Andrew Cooper, Conservative peer

If it is true, as the cliché holds, that it is a sign of insanity to keep doing the same thing and expect a different result, the 2015 election campaign has been a prolonged exhibition of insanity.

For months the campaigns have all been doing what election campaigns have always done. Nothing has made enough impression to change the minds of voters. At the final knockings, the polls are as deadlocked as they were at the beginning of the year.

Day after day, the parties have churned out the same soundbites, framing each other in the same ways. Recycling bins in battleground constituencies are brimming with unread leaflets and direct mail repeating the same arguments in the same language. We have, now, got all the way to the end and never reached the tipping point for which, presumably, they were hoping. None of it has made a jot of difference – not the chicken suits or Ed Miliband masks, not the countdown to save the NHS or the tax cut pledges, not the exhortations that the long-term plan is working, or injunctions that a better plan is needed.

The only thing that’s happened is Labour and Conservative voters – each around a third of the electorate – have become ever more determined in their support, neither able remotely to comprehend the perspective of the other, or see the appeal of the other party. The other third of the country switched off a long time ago. They already know – have always known – what the Conservatives think the risk is of a Labour government; they are equally familiar with the reasons why Labour think another Cameron government would be a disaster. They stopped dancing to those campaign tunes years ago. Many of these voters agree with both parties about the other one, which leaves them, for now, politically stateless, casting about in the political undergrowth for something better, or just authentically different.

No-one knows what will be the exact complexion of the election result, other than it will be messy and produce a government that is much weaker and less stable than the last one. But some things are abundantly clear.

First, British politics is badly broken – perhaps irreparably. We currently don’t have a political party that is able to appeal to a wide enough cross-section of support to win outright under the first-past-the-post system. For the fifth election running the Conservatives will fail to win more than 36% of the votes. Only Tony Blair has got Labour above that threshold since 1979. It should by now be abundantly obvious that neither Labour nor Conservatives can win just by motivating their core vote.

Broadening the demographic spectrum of their appeal is an existential issue for both of them (as well as, probably, for the present electoral system).

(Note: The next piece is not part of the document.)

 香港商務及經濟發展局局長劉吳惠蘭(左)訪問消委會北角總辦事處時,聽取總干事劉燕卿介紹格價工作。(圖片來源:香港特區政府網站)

Second, old-style political campaigns don’t work any more. The spectre of politicians parroting the same scripted and stilted words and phrases is rightly viewed by voters as patronising and disingenuous; it is never going to persuade anyone of anything. And while pointing out the flaws in the plans other parties put forward will always be part of elections, if the negative messages are totally dominant, as they have been in this campaign and the previous one, many people end up not wanting to vote for anyone. The traditional communication channels of campaigns have also largely ceased to function: communicating on pieces of paper delivered by hand to people’s homes – an archaic mode – has an extremely low efficiency rate; only die-hards and blow-hards watch party election broadcasts.

Third, political parties must be understood (in this era, if not always) as brands. They are defined by their values and purpose; by their character and motives. Policies are the expression of a party’s brand identity. If parties aren’t clear what their brand identity is – or if their policies and positions don’t tell a clear consistent story of their values – voters won’t be clear either. As Michael K Deaver, White House communications director to the “great communicator” Ronald Reagan, used to say, “the first rule of communication is that you have to know who you are”. Not all parties know, or agree about who they are. And once they’ve worked it out, it takes years, not months or weeks, to get across to the whole country a vivid, authentic sense of a party’s brand.

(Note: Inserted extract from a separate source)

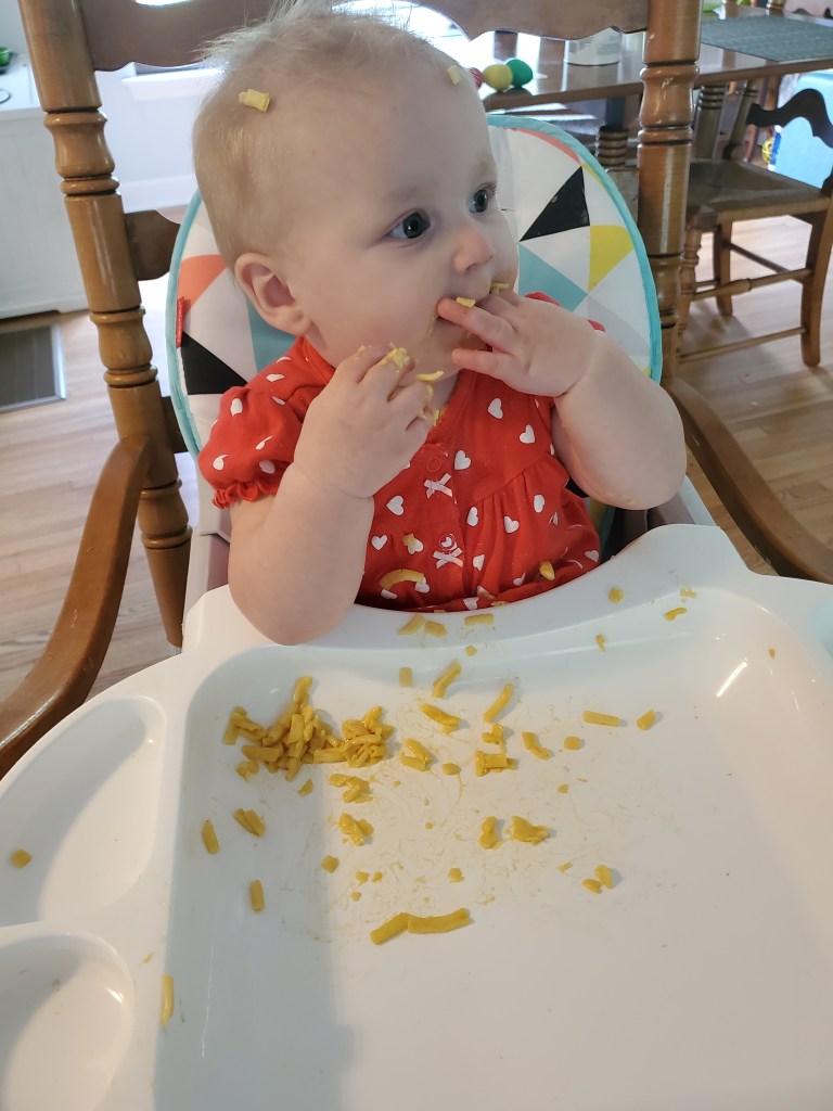 She loves to eat food and only loses 1/4 of each pouch she wolfs down. She loves crunchy snacks the best – veggie straws and crunchy cheese puffs are her current favorite.

Perhaps the election campaign was bound to make no difference. These are long-term challenges.

Minds are changed and campaigns won over a much longer period than the weeks of the formal election period.

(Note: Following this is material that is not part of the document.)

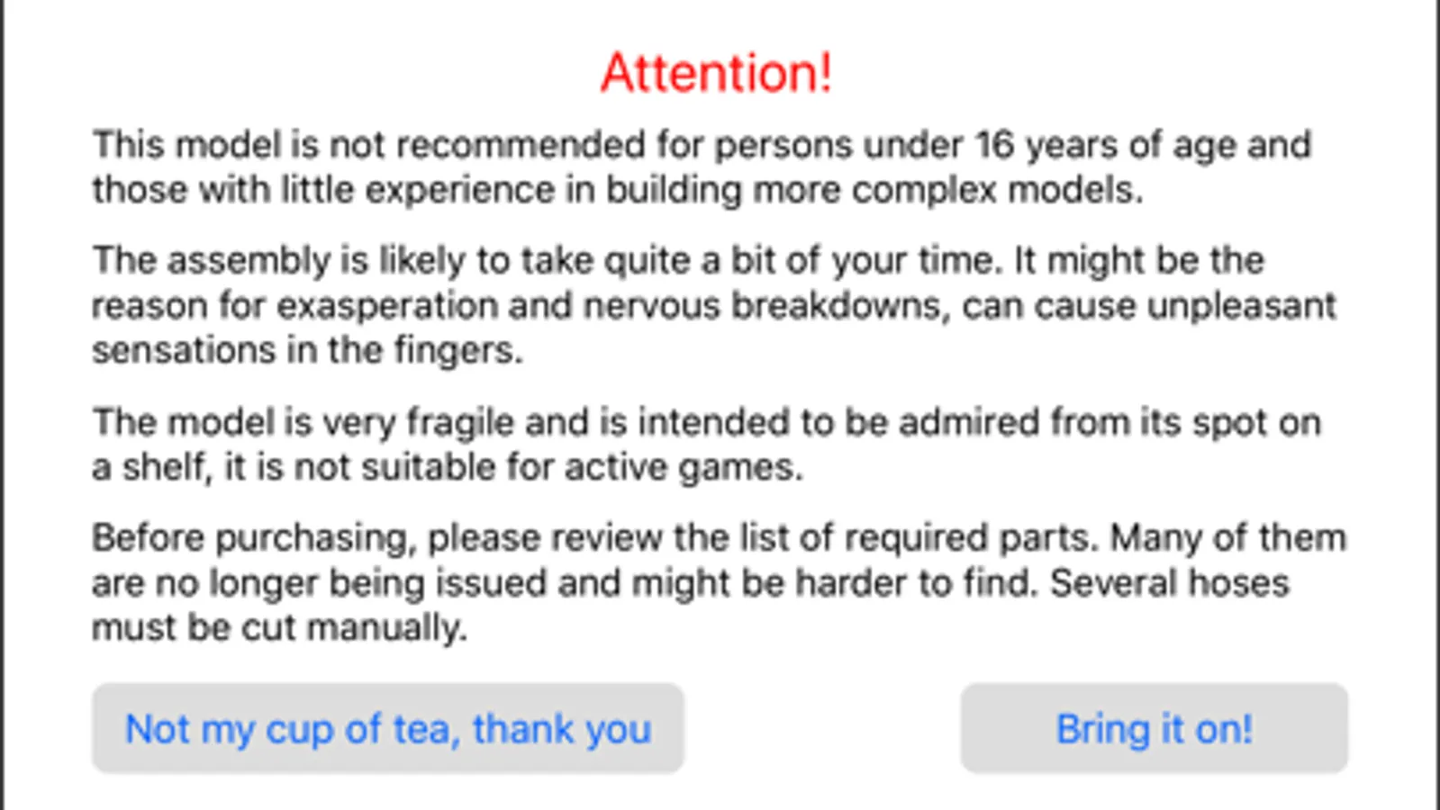 – This model is not recommended for persons under 16 years of age and those with little experience in building more complex models.

To mash together famous refrains from Lynton Crosby and Sarah Palin, you can’t put lipstick on a pig on market day.

Miranda Green, journalist

The last-minute campaign dash from Land’s End to John O’Groats in Nick Clegg’s battle bus signals more than one finish for the Lib Dems. With a reduction in Commons seats certain by Friday morning, the party is also looking at the end of a run of elections where all nations and regions have finished with nice big orange splashes on the map, and the party in a promising second place in even more seats.

The two constituencies which include the tip and the foot of this island may remain in Lib Dem hands this time, but the party’s competitive territory will be reduced; moreover, the need to focus strictly on a defensive strategy means this is probably the start of a period of retrenchment. The party has been forced to circle the wagons and fight to minimise losses. One or two surprise gains would boost morale, but over this weekend the party’s remaining MPs and footsoldiers will be counting the cost of moving, in the phrase coined by Paddy Ashdown in the 1990s and put into practice by Clegg, from “a party of protest to a party of power”.

Arguments to head, rather than heart, have characterised the Lib Dem campaign – because the context that gives relevance to a party only edging into double figures on a good day is one of governing alliances. Clegg spent the first week pitching himself as the better candidate for deputy prime minister than a bogeyman Alex Salmond or Nigel Farage – this is an election without a likely clear winner, the argument went, but if the top dog on Friday is a rabid Tory hound or a bolshie Labour mutt, you had better vote for a moderate Lib Dem hand on the leash.

In the opening fortnight, the two main parties had almost succeeded in defining this unique and freshly fractured election in the most old-fashioned terms, as two men vying to be PM with the rest as background noise. Putting the next coalition or governing pact centre stage ensured some coverage, but not enough to breathe real life into the Lib Dem “air war” of national messages.

Manifesto week again saw Clegg having to define his party’s lovingly-crafted 160 pages of democratically-approved policy in terms of future deals – a centre-ground “insurance policy” with five priorities on the front page.

But the final fortnight has been more promising, within limited red lines – the priorities for any post-election negotiations – became a way to talk about key policy priorities while discussing the scenarios over which we have all been obsessing. If the Lib Dems have gained any wisdom from the harsh lessons of being in government, it is to make sure they respond to voters’ priorities not their own narrow obsessions. So House of Lords reform and other typical Lib Demmery stay firmly on the inside pages of the manifesto, with the mental health pledge.

But even here, the substance has ended up overshadowed by tactical moves – the final Bank Holiday weekend saw a red line discussion of the Lib Dem environment platform (an important issue for Lib Dem voters) drowned out by a loud explosion of the myth of a Tory majority being only a few seats. Behind it all is the need to appeal not to those previous supporters who abandoned the party as soon as it went into coalition with the Conservatives, but to those a chirpy Nick Clegg referred to in the leaders’ debates as “fair-minded folk” prepared to give him a hearing.

Will enough of these centrist, moderate voters give him their indulgence? In a wholly unexpected boost, the fair-minded folk turned out to include leader writers at the Financial Times, the Independent, the Sunday Times, the Economist and London Evening Standard, who have recommended a tactical vote for Lib Dem incumbents or challengers, to ensure the Lib Dem tally of seats on 8 May is healthy enough to give the party a moderating role in the next government.

The danger for the third party has always been not the late surge which David Steel was lampooned for anticipating, but a late squeeze as anxious voters revert to the two main parties – this happened even after Cleggmania in 2010. This time, Team Clegg are betting that anxiety about a messy outcome and overly ideological programmes from both Labour and the Tories will propel just enough of the public (and only in the right places) towards a reassuring promise of stability.